• GNU Awk's types of regular expressions

    From Janis Papanagnou@21:1/5 to All on Thu Nov 28 19:18:29 2024
    In GNU Awk there's currently three types of regular expressions, in
    addition to the standard regexp-constants (/regex/) and the dynamic
    regexps ("regex", or variables containing "regex") there's in newer
    versions also first class regexp objects (@/regex/, "Strongly Typed
    Regexp Constants") supported.

    One principal advantage of regexp-constants is that the engine to
    parse the regexp can be created in advance, while a dynamic regexp
    may be constructed dynamically (from strings) and needs an explicit runtime-step to create the engine before the matching can be done.
    Now I assumed that @/regex-const/ would in that respect behave as
    /regex-const/ ... - until I found in the GNU Awk manual this text:

    |
    | Thus, if you have something like this:
    |
    | re = @/don't panic/
    | sub(/don't/, "do", re)
    | print typeof(re), re
    |
    | then re retains its type, but now attempts to match the string ‘do
    | panic’. This provides a (very indirect) way to create regexp-typed
    | variables at runtime.
    |

    (I'm astonished that first class regexp objects can be dynamically
    changed. But that is not my point here; I'm interested in potential pre-compiles of regexp constants...)
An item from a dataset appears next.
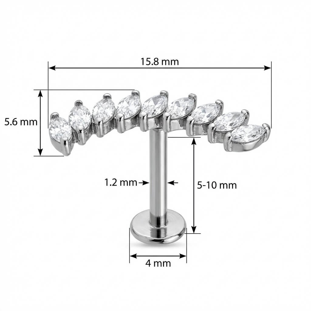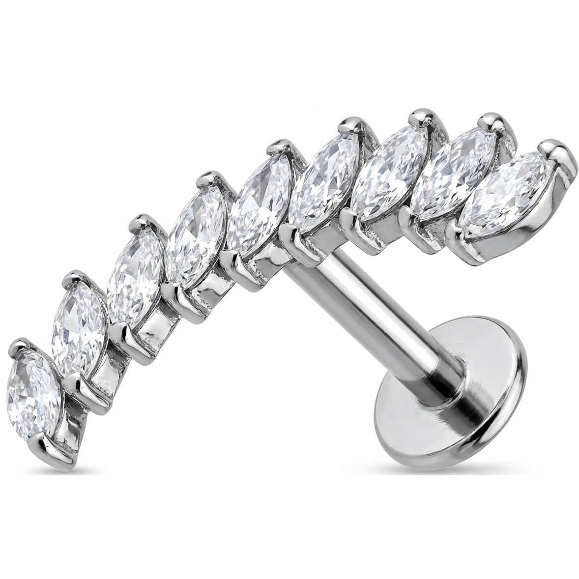 Envie de briller de mille feux ? Ce bijou sublime ton oreille avec une rangée de cristaux taille marquise disposés en une courbe élégante. Idéal pour le cartilage, il épouse parfaitement tes formes naturelles. Fabriqué en Titane de qualité supérieure, il est aussi doux pour ta peau que stylé. La touche finale parfaite pour ta composition d'oreilles.
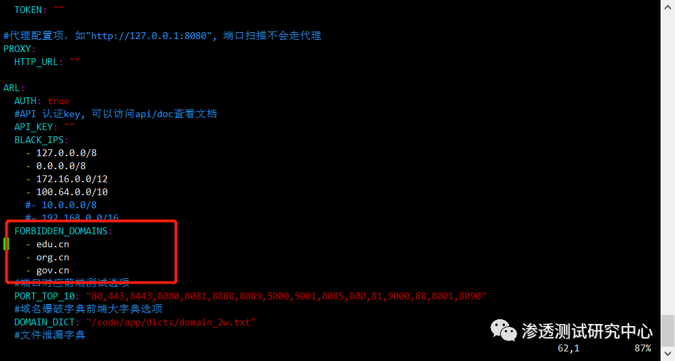 因为ARL在配置文件里设置了黑名单,有时候项目为GOV或者EDU之类的时候无法进行扫描,所以在这里修改一下配置文件就可以解除限制。

    This would imply that the first class regexp constants can be changed
    like dynamic regexps and that there's no regexp pre-compile involved.
    This would also rise suspicion that the "normal" regexp-constants are
    probably also not precomputed.

    So constant-regexps (both forms) have (only?) the advantage that the regexp-syntax can be (initially during awk parsing) checked, e.g.,

    re = @/don't panic[/
    ^ unterminated regexp

    And dynamic regexps and first class regexps that got changed (e.g.
    by code like

    sub(/don't/, "do[", re)

    in above sample snippet) would both create runtime errors, e.g.
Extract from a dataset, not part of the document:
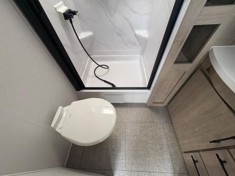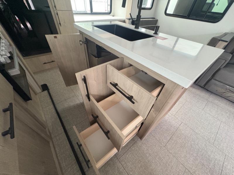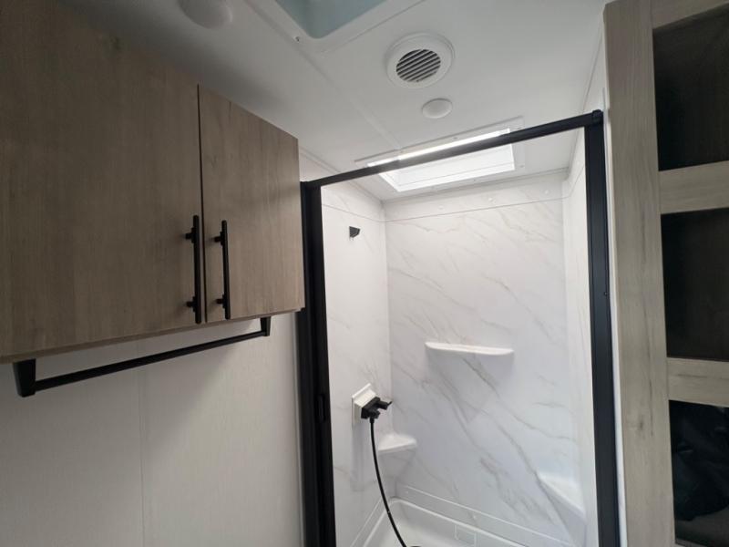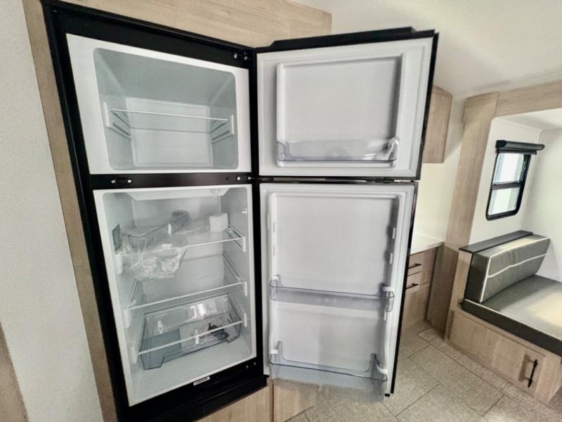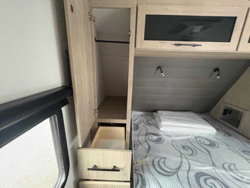 With this Imagine travel trailer, you can work while you're on the road because it offers you a desk in the main living area. You won't have to miss out on the action since you'll be right next to the booth dinette and tri-fold sofa, and there is even a pantry directly to the left of the desk for you to grab a quick snack while you're working. Once you're done with work, you can relax on the tri-fold sofa while you watch the telescoping LED HDTV, and the private bedroom offers you a 60" x 80" queen bed to rest on when you're ready to call it a night.

    error: Unmatched [, [^, [:, [., or [=: /do[ panic/
    fatal: could not make typed regex

    (as all ill-formed regexp-types will produce a runtime error).

    Janis

    --- SoupGate-Win32 v1.05
    * Origin: fsxNet Usenet Gateway (21:1/5)
  • From Kaz Kylheku@21:1/5 to Janis Papanagnou on Fri Nov 29 04:13:43 2024
    On 2024-11-28, Janis Papanagnou <janis_papanagnou+ng@hotmail.com> wrote:
    In GNU Awk there's currently three types of regular expressions, in
    addition to the standard regexp-constants (/regex/) and the dynamic
    regexps ("regex", or variables containing "regex") there's in newer
    versions also first class regexp objects (@/regex/, "Strongly Typed
    Regexp Constants") supported.

    One principal advantage of regexp-constants is that the engine to
    parse the regexp can be created in advance, while a dynamic regexp
    may be constructed dynamically (from strings) and needs an explicit runtime-step to create the engine before the matching can be done.
    Now I assumed that @/regex-const/ would in that respect behave as
    /regex-const/ ... - until I found in the GNU Awk manual this text:

    |
    | Thus, if you have something like this:
    |
    | re = @/don't panic/
    | sub(/don't/, "do", re)
    | print typeof(re), re
    |
    | then re retains its type, but now attempts to match the string ‘do
    | panic’. This provides a (very indirect) way to create regexp-typed
    | variables at runtime.
    |

    (I'm astonished that first class regexp objects can be dynamically
    changed. But that is not my point here; I'm interested in potential pre-compiles of regexp constants...)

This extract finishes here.